## TASK
Once you reach the line with "klima-uredjaj, TV, kuhinjski", transcribe it and every line after it to the end of the records, exactly, but not the pictures.

Data excerpts:
:::::

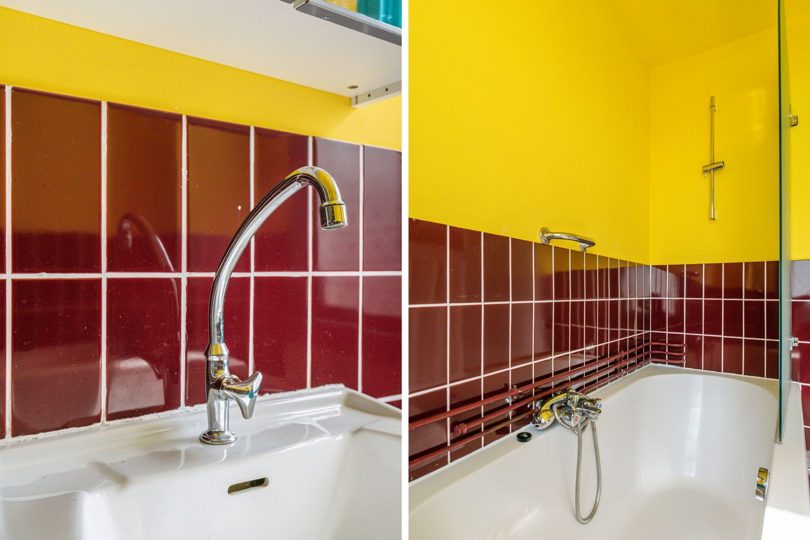 Badkamer voorzien van ligbad, wastafel en 2e toilet.
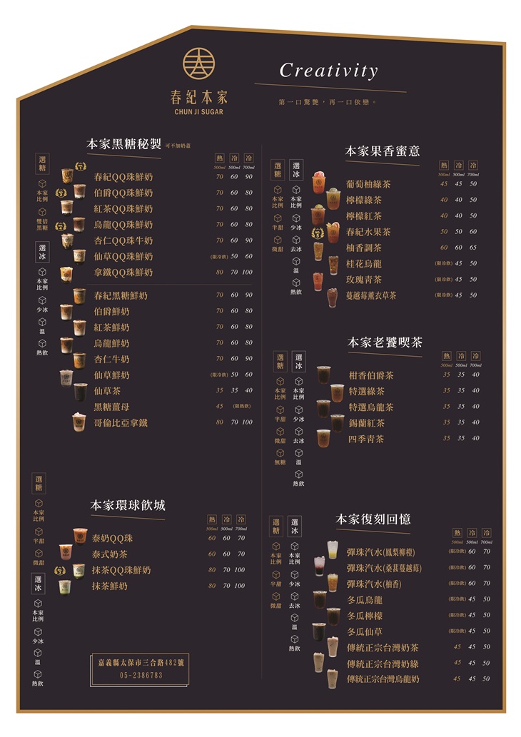 ◆ 春紀本家產品標榜採用醇厚的鮮奶與獨門製作的黑糖所調和而成的飲品,除此之外更有春紀本家獨有的本家黑糖奶蓋為大部份的產品做完美的點綴,無論在外觀、口味都帶給消費者完全不同於一般手搖飲的全新感受。
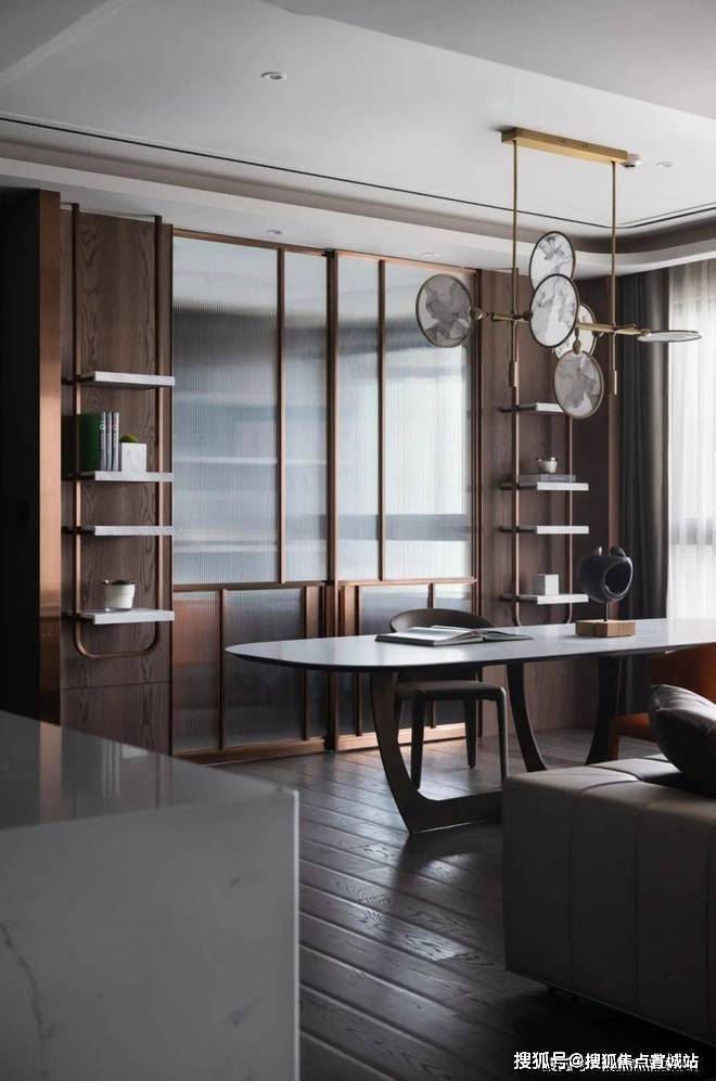 ▲餐厅旁边是书房空间,以长虹玻璃推拉门作为隔断,在金属边框的设计下,与餐厅的吊灯形成呼应,门两侧是木饰面+吊架书架的设计,也是显得简约华丽而高级.
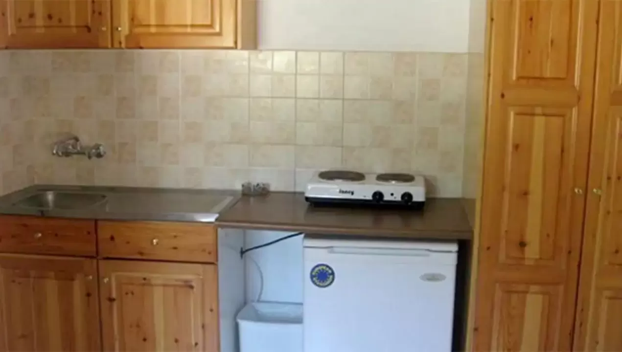 klima-uredjaj, TV, kuhinjski deo sa rešoom, frižider, kupatilo, balkon
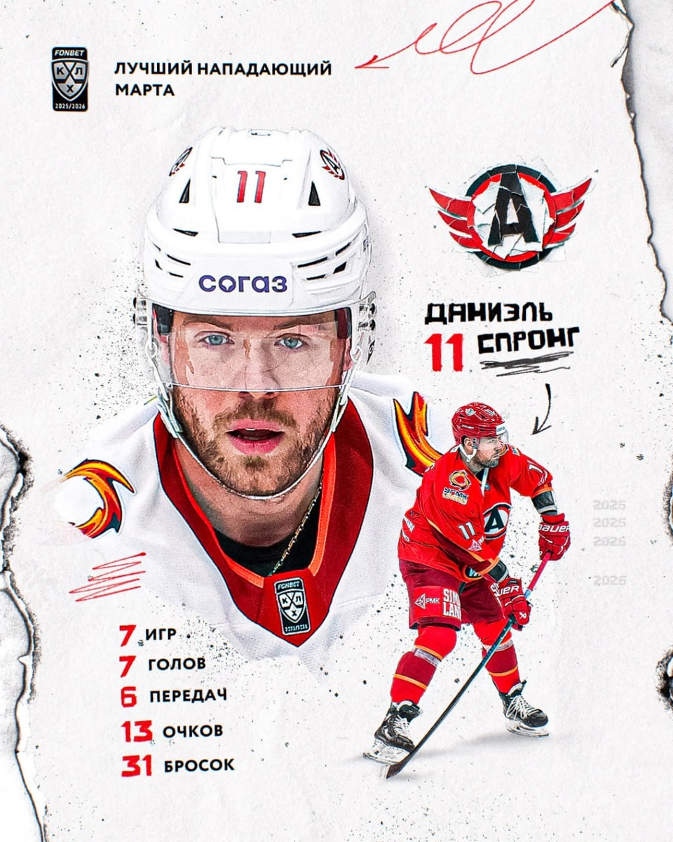7 голов и 13 очков в 7 матчах марта обеспечили Даниэлю Спронгу 🚗 первое в карьере звание лучшего нападающего месяца в КХЛ!

:::::

## EXERCISE RESPONSE
 klima-uredjaj, TV, kuhinjski deo sa rešoom, frižider, kupatilo, balkon
7 голов и 13 очков в 7 матчах марта обеспечили Даниэлю Спронгу 🚗 первое в карьере звание лучшего нападающего месяца в КХЛ!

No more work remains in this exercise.